## Description of the task
Pictures appear among the records below and must be omitted. Repeat exactly the lines from the line with "To kick off" to the line with "Belkins KVM-Switch (Keyboard, Video, Mouse)", both included.

## Data for processing
:::
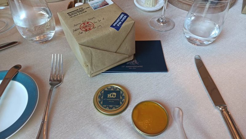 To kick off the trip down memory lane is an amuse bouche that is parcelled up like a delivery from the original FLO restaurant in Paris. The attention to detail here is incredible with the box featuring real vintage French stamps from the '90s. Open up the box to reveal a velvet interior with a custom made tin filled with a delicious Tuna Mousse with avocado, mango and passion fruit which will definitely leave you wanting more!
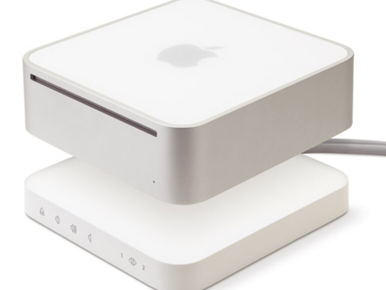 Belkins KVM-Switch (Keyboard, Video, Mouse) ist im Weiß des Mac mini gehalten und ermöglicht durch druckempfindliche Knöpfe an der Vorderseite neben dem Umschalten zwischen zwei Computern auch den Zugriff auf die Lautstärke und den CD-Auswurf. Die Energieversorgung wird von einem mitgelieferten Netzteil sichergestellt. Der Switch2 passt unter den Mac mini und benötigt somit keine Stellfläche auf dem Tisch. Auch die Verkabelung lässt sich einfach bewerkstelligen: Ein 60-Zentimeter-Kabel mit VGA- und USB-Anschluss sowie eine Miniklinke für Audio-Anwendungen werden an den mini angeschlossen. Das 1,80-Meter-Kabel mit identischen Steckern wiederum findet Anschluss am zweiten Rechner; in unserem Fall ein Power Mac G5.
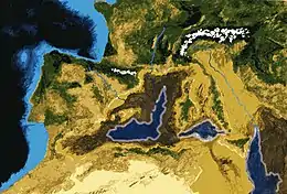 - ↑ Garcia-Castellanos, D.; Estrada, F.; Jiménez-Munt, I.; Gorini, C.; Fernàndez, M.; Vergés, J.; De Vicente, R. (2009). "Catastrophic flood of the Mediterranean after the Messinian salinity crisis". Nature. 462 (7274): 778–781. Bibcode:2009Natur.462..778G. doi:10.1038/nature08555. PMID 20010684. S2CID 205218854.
:::
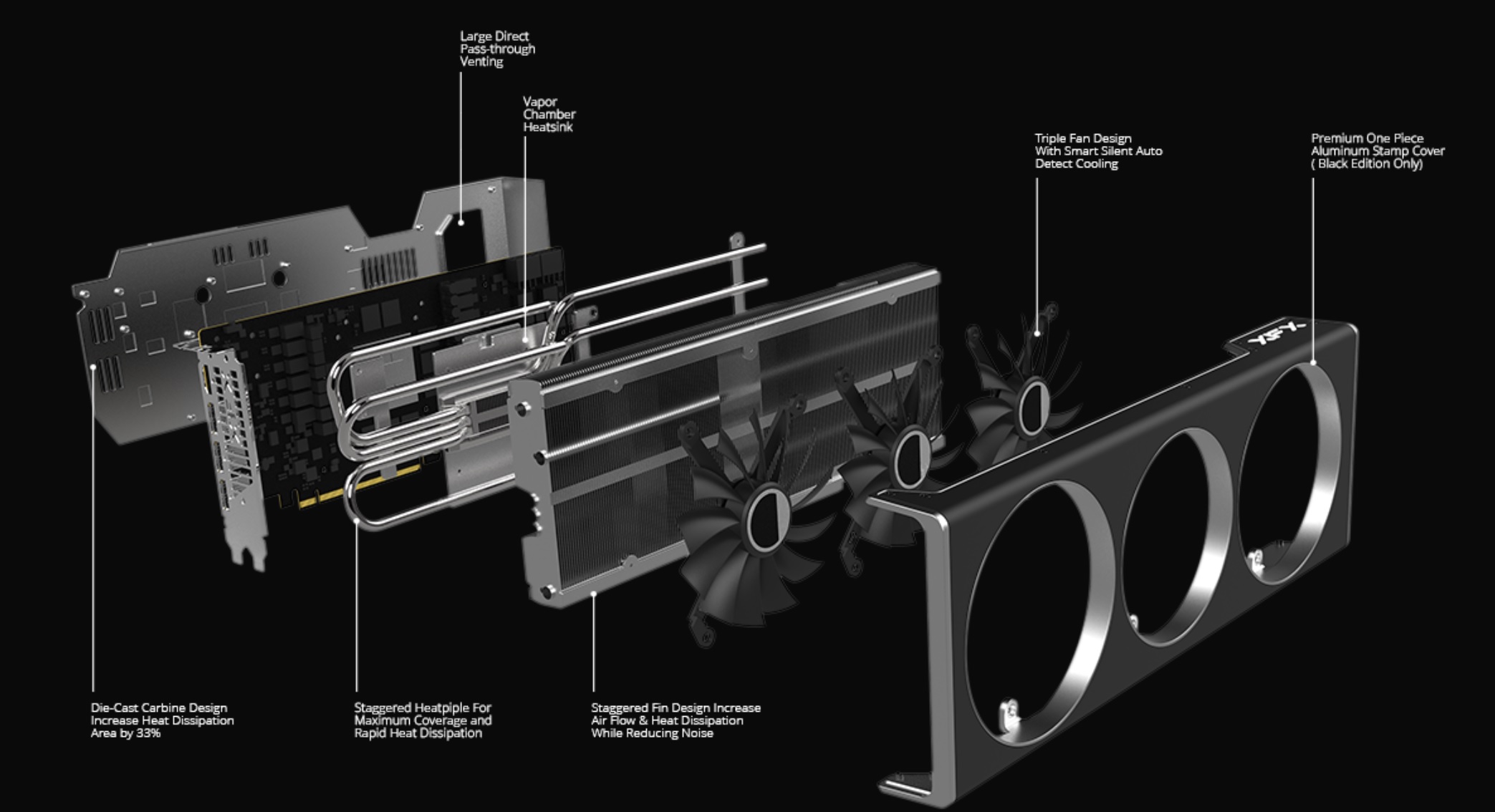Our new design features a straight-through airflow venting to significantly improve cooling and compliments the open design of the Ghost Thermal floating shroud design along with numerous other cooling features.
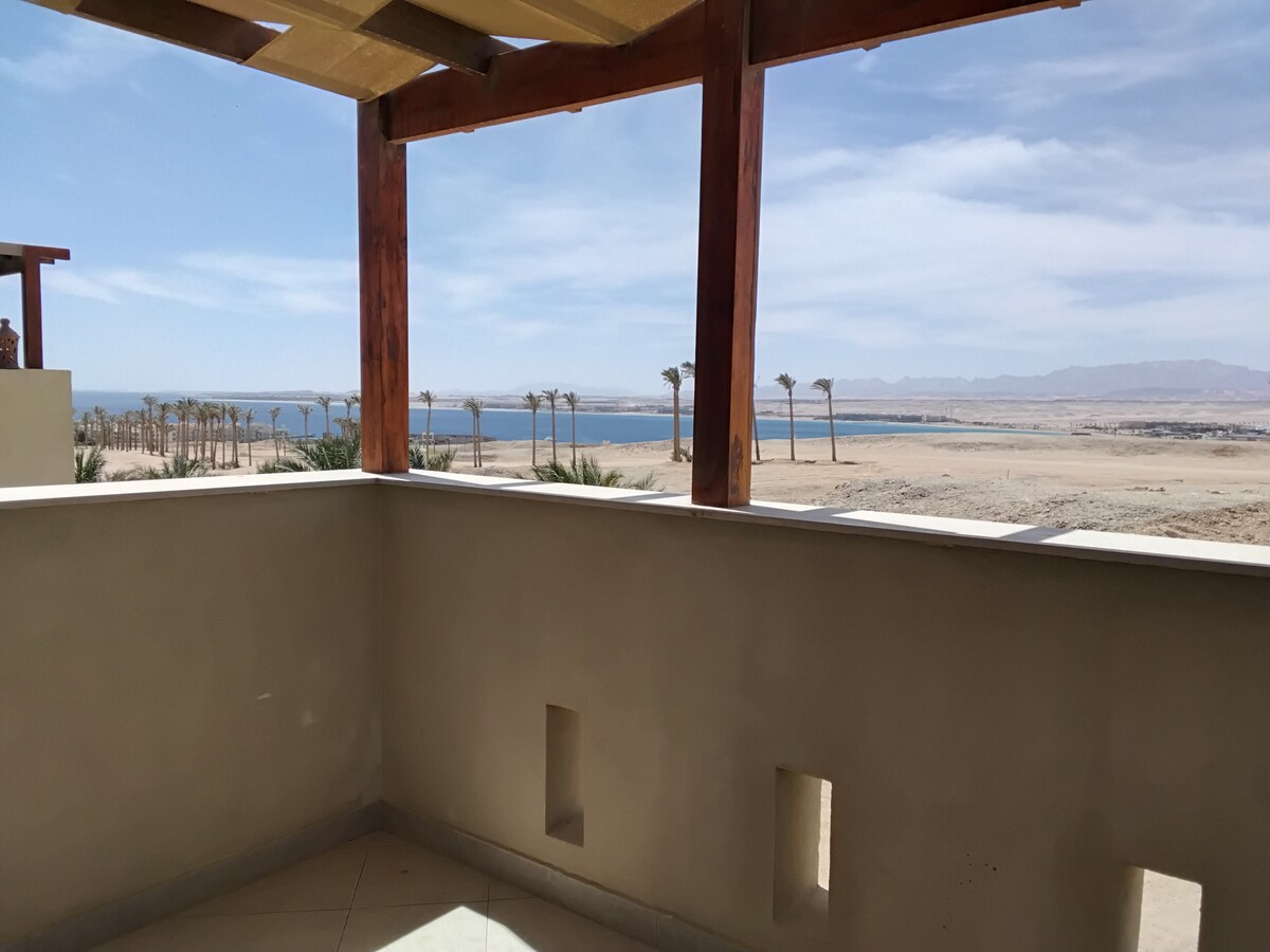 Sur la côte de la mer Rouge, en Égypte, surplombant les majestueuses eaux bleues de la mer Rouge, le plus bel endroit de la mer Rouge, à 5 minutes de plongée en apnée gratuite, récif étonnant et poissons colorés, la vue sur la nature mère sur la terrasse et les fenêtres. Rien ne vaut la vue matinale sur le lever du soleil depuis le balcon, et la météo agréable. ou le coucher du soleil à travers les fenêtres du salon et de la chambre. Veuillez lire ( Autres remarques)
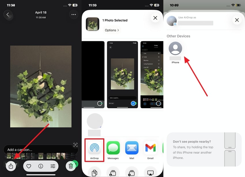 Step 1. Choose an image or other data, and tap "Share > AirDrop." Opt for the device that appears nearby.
:::
## Answer box
 To kick off the trip down memory lane is an amuse bouche that is parcelled up like a delivery from the original FLO restaurant in Paris. The attention to detail here is incredible with the box featuring real vintage French stamps from the '90s. Open up the box to reveal a velvet interior with a custom made tin filled with a delicious Tuna Mousse with avocado, mango and passion fruit which will definitely leave you wanting more!
 Belkins KVM-Switch (Keyboard, Video, Mouse) ist im Weiß des Mac mini gehalten und ermöglicht durch druckempfindliche Knöpfe an der Vorderseite neben dem Umschalten zwischen zwei Computern auch den Zugriff auf die Lautstärke und den CD-Auswurf. Die Energieversorgung wird von einem mitgelieferten Netzteil sichergestellt. Der Switch2 passt unter den Mac mini und benötigt somit keine Stellfläche auf dem Tisch. Auch die Verkabelung lässt sich einfach bewerkstelligen: Ein 60-Zentimeter-Kabel mit VGA- und USB-Anschluss sowie eine Miniklinke für Audio-Anwendungen werden an den mini angeschlossen. Das 1,80-Meter-Kabel mit identischen Steckern wiederum findet Anschluss am zweiten Rechner; in unserem Fall ein Power Mac G5.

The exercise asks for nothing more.